In the spring of 1934, the organization launched its first Easter "seals" campaign to raise money for its services. To show their support, donors placed the seals on envelopes and letters. Cleveland Plain Dealer cartoonist J.H. Donahey designed the first seal. Donahey based the design on a concept of simplicity because those served by the charity asked "simply for the right to live a normal life."

The lily - a symbol of spring - was officially incorporated as Easterseals' logo in 1952 for its association with resurrection and new life and has appeared on each seal since.

Easterseals Emerges

The overwhelming public support for the Easter "seals" campaign triggered a nationwide expansion of the organization and a swell of grassroots efforts on behalf of people with disabilities. By 1967, the Easter "seal" was so well recognized, the organization formally adopted the name "Easterseals."

Easterseals Today

Easterseals offers help, hope and answers to more than a million children and adults living with autism spectrum disorder (ASD) and other disabilities or special needs and their families each year. Services and support are provided through a network of more than 550 sites in the U.S. and through Ability First Australia. Each center provides exceptional services that are individualized, innovative, family-focused and tailored to meet specific needs of the particular community served.

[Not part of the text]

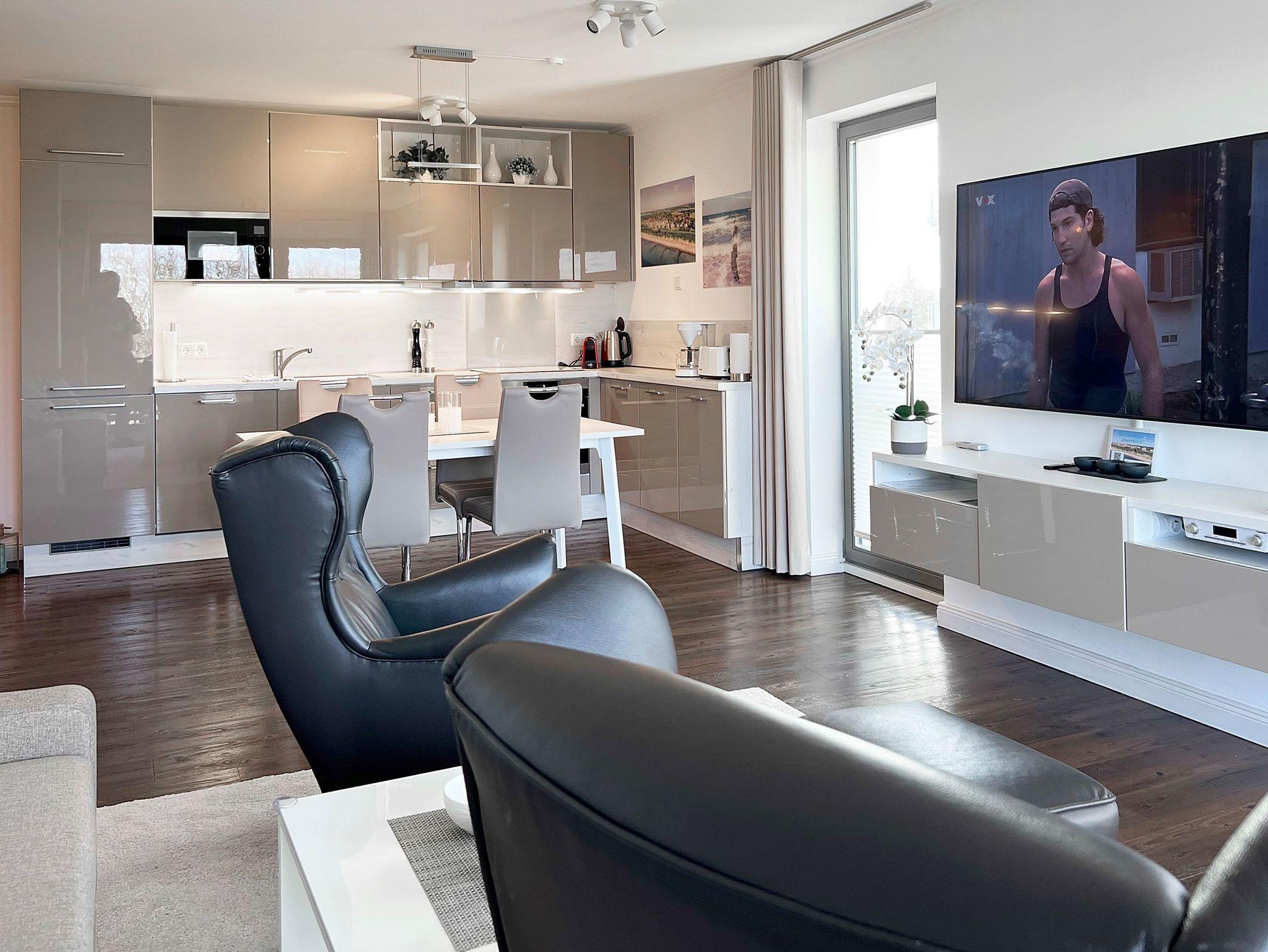 Die Ferienwohnung wurde im November 2022 neugestaltet. Im Wohnbereich empfangen Sie eine bequeme Sitzecke mit ausziehbarer Schlafcouch (1,40 x 2,00 m), ein TV-Board und als besonderes Highlight ein großer 65-Zoll-Fernseher mit Blu-ray-Player. Ein ganzer Schwung an DVDs und ein Radio-CD-Player mit der Möglichkeit über Bluetooth Musik vom Handy zu spielen. Das sorgt für gute Laune. Ein stilvoller gläserner Gas- Kamin und dessen Flammenspiel wirken entschleunigend und zaubern stimmungsvolle Stunden. Die großzügige Fensterfront über Eck flutet den Raum mit Licht. Zudem erhascht man bereits von der Sitzecke aus, einen Blick auf die Ostsee. In der offenen Einbauküche mit Backofen und 4-Platten-Ceranfeld, Geschirrspüler, Kühlschrank mit Gefrierfach, Mikrowelle, Kaffeemaschine, „Nespressomaschine“, Wasserkocher und Toaster lassen sich leckere Mahlzeiten zubereiten und am angrenzenden Esstisch mit vier ledernen Hochlehnern verzehren. Über den Wohnbereich gelangen Sie auf den großen Eckbalkon in Nord-West-Ausrichtung mit traumhaftem Meerblick. Hier können Sie die Nachmittags- und Abendsonne und unvergessliche Sonnenuntergänge genießen. Der Balkon mit Tisch, Stühlen und einem stilechten Strandkorb ist auch bei schlechterem Wetter durch den darüberliegenden Vorbau gut geschützt. Ein modernes Boxspringbett mit durchgehender Matratze von 1,80 x 2,00 m. erwartet Sie im Schlafzimmer. Ein zusätzlicher Topper, ein Kleiderschrank mit Ganzkörperspiegel und eine Wandkommode sowie ein moderner 65 Zoll TV darüber vervollständigen den Raum. Bitte beachten Sie, dass im Schlafzimmer kein Platz für ein zusätzliches Kinderreisebett vorhanden ist. An allen Fenstern sind blickdichte Vorhängen und Plissees vorhanden. Das Badezimmer besticht mit bodentiefer Dusche, großem Spiegel, LED-Kosmetikwandspiegel, elektrischem Handtuchtrockner, Personenwaage, Föhn und mehreren Ablagemöglichkeiten. Ein kleiner Garderobenbereich am Eingang der Wohnung bietet dem Anlass entsprechend Platz für Jackett und Windjacke. Zusätzliche Dinge wie Ihre Koffer können Sie bequem im separaten Abstellraum unterbringen. In allen Räumen wurde eine Fußbodenheizung für angenehme und gleichmäßige Wärme eingebaut. Die Unterkunft liegt nur wenige Meter zum Strand entfernt und wird lediglich durch die gepflegte Promenade von den Dünen getrennt. Kein Autoverkehr! Zur Wohnung gehören zudem ein kostenfreier Tiefgaragenstellplatz und eine Abstellmöglichkeit für Fahrräder. Bitte beachten Sie die Durchfahrtshöhe von max. 1,90 m der Tiefgarage. Mit einem Personenaufzug gelangen Sie von der Tiefgarage aus direkt zu Ihrer Wohnung. Im Erdgeschoss der Wohnung befindet sich ein gekennzeichneter Abstellbereich für Kinderwagen. Noch einige Hinweise: Es handelt sich um eine Nichtraucherwohnung. Haustiere sind nicht gestattet. Das WLAN steht kostenlos in allen Zimmern zur Verfügung. Das Datenvolumen ist unbegrenzt, so dass Sie ohne Limit nach Herzenslust streamen können. Das Netz schwankt aber leider noch, wenn sich viele Nutzer in Börgerende im Internet befinden. Für Netflix z.B. reicht es aber zumeist völlig aus. Wäschesets, Kinderreisebett und Kinderhochstuhl können kostenpflichtig zugebucht werden. Waschmaschine und Trockner stehen im separaten Hauswirtschaftsraum im Untergeschoss der Villa zu Ihrer Verfügung (gegen Gebühr / 1,00 € Münzen). Ab der dritten Person wird ein Aufschlag in Höhe von 15,00 €/ÜN berechnet. Sichern Sie sich einen der begehrten Strandkörbe nur ein paar Meter entfernt von den rauschenden Wellen der Ostsee (Anfang Mai - Ende August) und buchen Sie jetzt zu besonderen Konditionen (12,00 € pro Tag oder 75,00 € pro Woche.)

Primary Easterseals services include:

Americans With Disabilities Act

Easterseals also advocates for the passage of legislation to help people with disabilities achieve independence, including the Americans with Disabilities Act (ADA). Passed in 1990, the ADA prohibits discrimination against anyone who has a mental or physical disability, guaranteeing the civil rights of people with disabilities.

At the core of the Easterseals organization is a common passion for caring, shared by its 23,000 staff members and thousands of volunteers, and by those who support its mission. This heartfelt commitment to helping people with disabilities and their families is what Easterseals is all about.